You could never get A/D to work with that kind of documentation.
From you questions:
1) Yep, that's a "typing error". This is how they sample and convert.
2) "(C/16 - INT (C/16)) * 16" is just taking the lower nibble (4 bits) of C. This is because it's a 12bit A/D (4 bits in the hight byte and 8 bits in the low byte)
3) Well, I found the German version of the documentation!!! And it has Pascal and C source! I've attached the documentation I found. It looks like this documentation had several "typing error's" as well, but I combined all the info together to come up with something that hopefully is correct.
Code:
#include <iostream.h>
#include <dos.h>
//convenient types
typedef unsigned short WORD;
typedef unsigned char BYTE;
//Port# card if configured for
const WORD PORT = 0x278;
//Millisecond delay to use during conversion...

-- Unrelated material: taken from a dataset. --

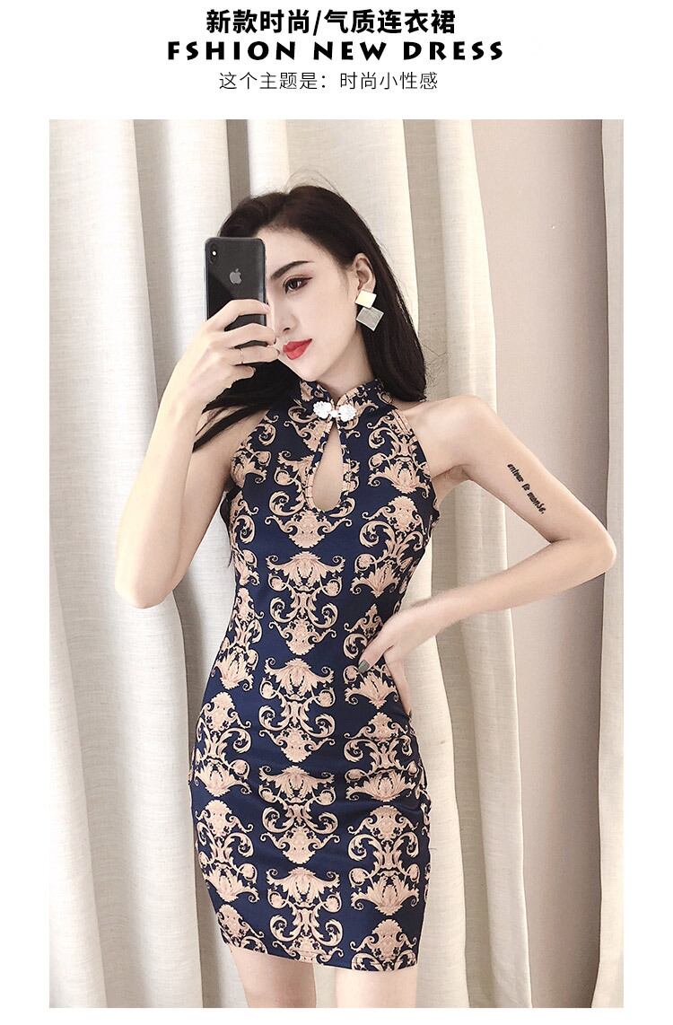 アンカーライブ放送服セクシーな吊り首漏れ肩気質レトロカラー若い修正チャイナドレス micat18633958252

//this was used in the Pascal version of the code, I would reduce this # until
//it stops working correctly
const WORD MS_DELAY = 100;
//Function to perform A/D conversion on given channel (0-15)
WORD ad(BYTE channel);
int main()
{
for (BYTE n = 0; n < 16; n++)
{
cout << "A/D on channel " << n << " is " << ad(n) << endl;
}
return 0;
}
WORD ad(BYTE channel)
{
//check parameter
if (channel > 15)
channel = 15;
//select channel
outportb(PORT,channel);
//clear register
outportb(PORT+3,0);
//perform sampling/conversion
int i;
for (i = 0; i < 5; i++)
{
inportb(PORT+4);
delay(MS_DELAY);
}
for (i = 0; i < 9; i++)
{
inportb(PORT+5);
delay(MS_DELAY);
}
//return lower 12bits of result
return inport(PORT+1) & 0x0FFF;
}
gg